- **The task**:
Find the line with "ZffXH 1/2 Pcs" in the entries below, then output every line from it down to the line with "A intervenção na", exactly and with no pictures.

- **Record extracts**:

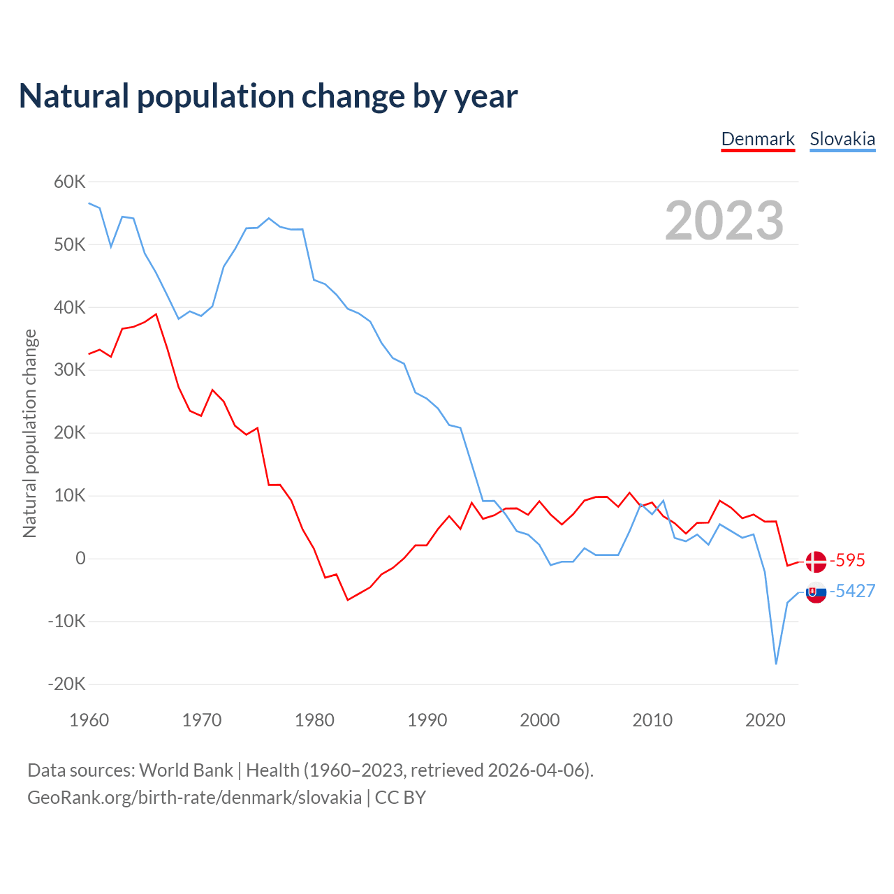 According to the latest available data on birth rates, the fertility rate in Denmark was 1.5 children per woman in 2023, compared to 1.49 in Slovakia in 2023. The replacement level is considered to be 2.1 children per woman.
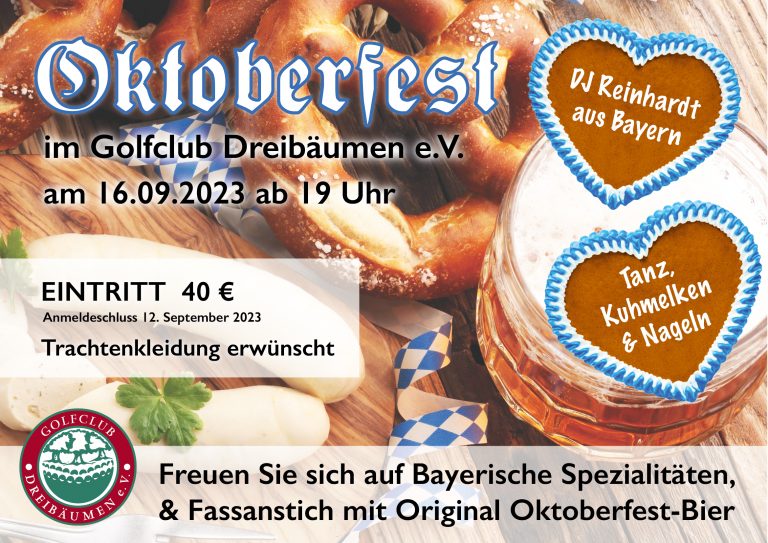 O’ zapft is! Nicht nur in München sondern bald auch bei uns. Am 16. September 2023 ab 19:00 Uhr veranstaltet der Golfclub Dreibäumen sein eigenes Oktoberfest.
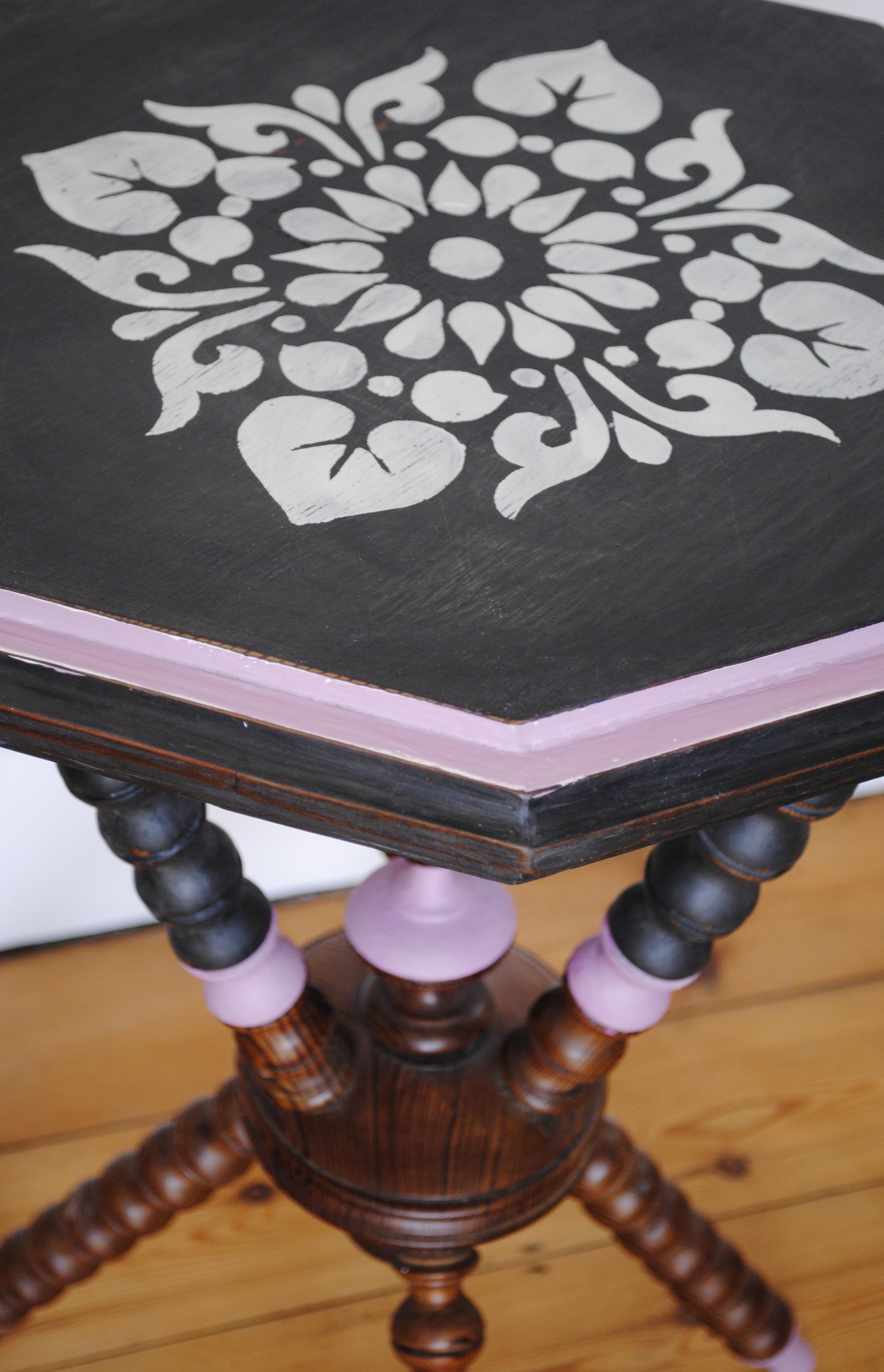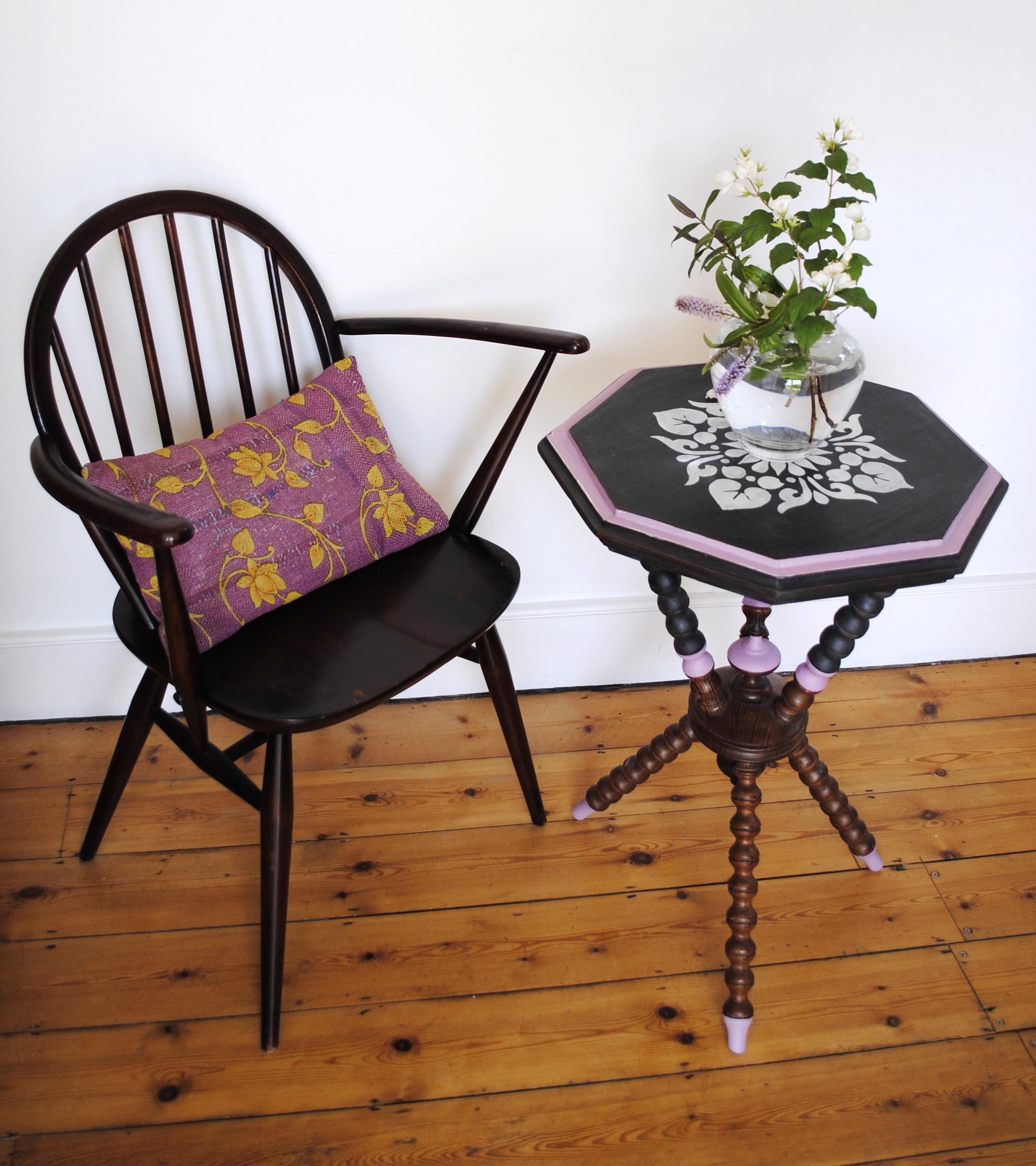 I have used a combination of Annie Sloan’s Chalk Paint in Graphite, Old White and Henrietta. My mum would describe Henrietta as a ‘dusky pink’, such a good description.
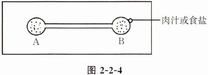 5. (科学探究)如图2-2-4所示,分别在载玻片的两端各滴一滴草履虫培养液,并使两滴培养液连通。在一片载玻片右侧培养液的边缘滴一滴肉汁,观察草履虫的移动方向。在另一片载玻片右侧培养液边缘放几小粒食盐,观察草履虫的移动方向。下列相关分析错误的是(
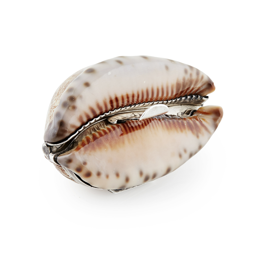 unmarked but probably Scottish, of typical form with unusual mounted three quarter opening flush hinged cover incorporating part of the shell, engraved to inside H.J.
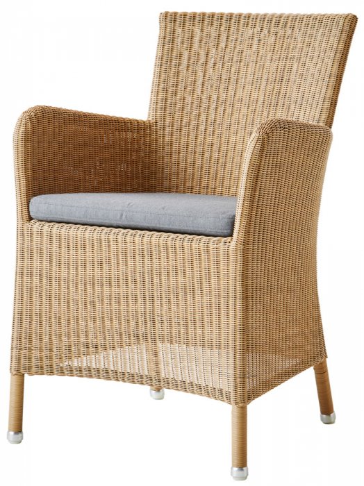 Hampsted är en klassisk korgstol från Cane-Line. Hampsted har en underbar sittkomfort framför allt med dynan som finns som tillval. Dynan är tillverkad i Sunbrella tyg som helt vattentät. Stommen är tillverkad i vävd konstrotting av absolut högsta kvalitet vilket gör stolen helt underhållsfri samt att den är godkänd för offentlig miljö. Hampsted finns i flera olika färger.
...
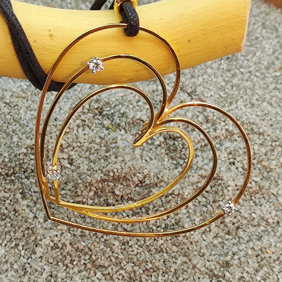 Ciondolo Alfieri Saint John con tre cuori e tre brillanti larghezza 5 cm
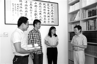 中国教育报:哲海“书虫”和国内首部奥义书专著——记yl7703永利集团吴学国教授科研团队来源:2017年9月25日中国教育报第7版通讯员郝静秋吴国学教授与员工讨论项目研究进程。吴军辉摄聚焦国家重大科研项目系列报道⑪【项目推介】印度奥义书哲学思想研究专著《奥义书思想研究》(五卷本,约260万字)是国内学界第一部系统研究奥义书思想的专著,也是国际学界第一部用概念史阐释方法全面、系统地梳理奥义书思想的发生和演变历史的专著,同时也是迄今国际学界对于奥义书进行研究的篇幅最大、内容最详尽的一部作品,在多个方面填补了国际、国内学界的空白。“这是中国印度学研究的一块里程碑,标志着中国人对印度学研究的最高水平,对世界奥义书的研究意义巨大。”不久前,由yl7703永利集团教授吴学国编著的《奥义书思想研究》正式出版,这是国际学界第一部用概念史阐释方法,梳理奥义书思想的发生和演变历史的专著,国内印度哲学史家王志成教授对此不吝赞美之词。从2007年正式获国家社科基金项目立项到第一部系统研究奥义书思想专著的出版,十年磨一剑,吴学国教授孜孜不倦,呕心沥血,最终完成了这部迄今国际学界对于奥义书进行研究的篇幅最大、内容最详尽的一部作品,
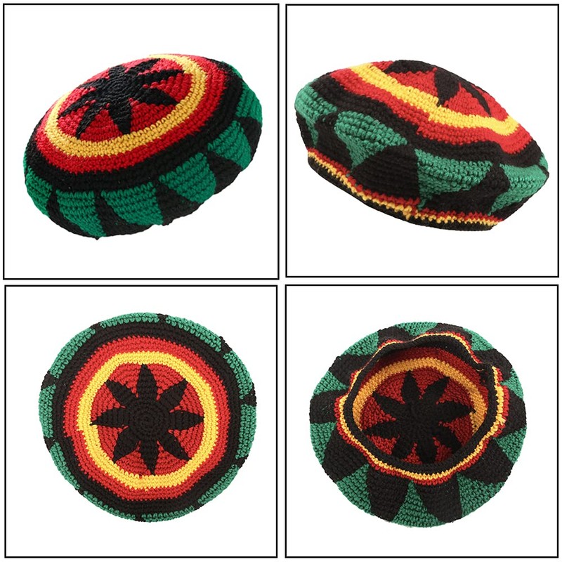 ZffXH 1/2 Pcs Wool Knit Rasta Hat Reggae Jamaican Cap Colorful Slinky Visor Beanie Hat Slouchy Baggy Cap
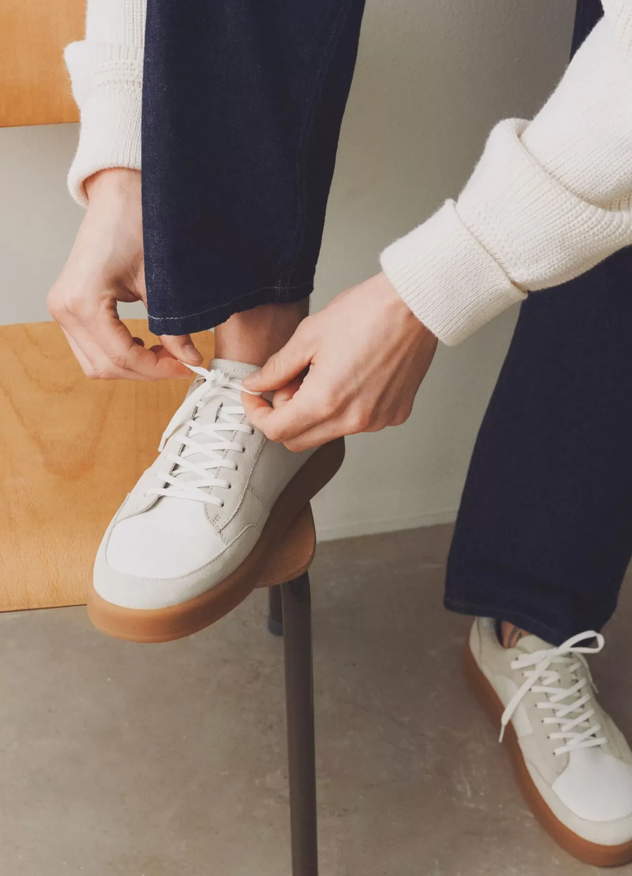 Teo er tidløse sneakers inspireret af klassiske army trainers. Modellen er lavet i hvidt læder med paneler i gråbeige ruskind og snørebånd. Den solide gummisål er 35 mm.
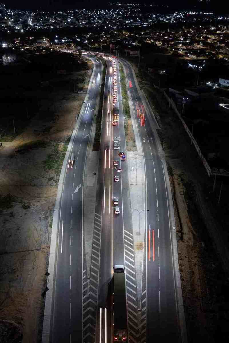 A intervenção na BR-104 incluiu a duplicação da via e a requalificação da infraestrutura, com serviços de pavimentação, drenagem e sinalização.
==
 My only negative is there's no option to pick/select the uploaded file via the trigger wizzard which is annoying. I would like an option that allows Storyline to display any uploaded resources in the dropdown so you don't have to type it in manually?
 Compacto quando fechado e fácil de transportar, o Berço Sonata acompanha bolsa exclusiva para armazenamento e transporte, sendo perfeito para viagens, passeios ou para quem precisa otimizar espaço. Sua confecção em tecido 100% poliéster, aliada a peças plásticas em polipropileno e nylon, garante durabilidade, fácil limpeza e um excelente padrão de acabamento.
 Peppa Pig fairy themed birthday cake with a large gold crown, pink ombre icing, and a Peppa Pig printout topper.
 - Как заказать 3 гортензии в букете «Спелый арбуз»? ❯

- **Answer for this exercise**:
 ZffXH 1/2 Pcs Wool Knit Rasta Hat Reggae Jamaican Cap Colorful Slinky Visor Beanie Hat Slouchy Baggy Cap
 Teo er tidløse sneakers inspireret af klassiske army trainers. Modellen er lavet i hvidt læder med paneler i gråbeige ruskind og snørebånd. Den solide gummisål er 35 mm.
 A intervenção na BR-104 incluiu a duplicação da via e a requalificação da infraestrutura, com serviços de pavimentação, drenagem e sinalização.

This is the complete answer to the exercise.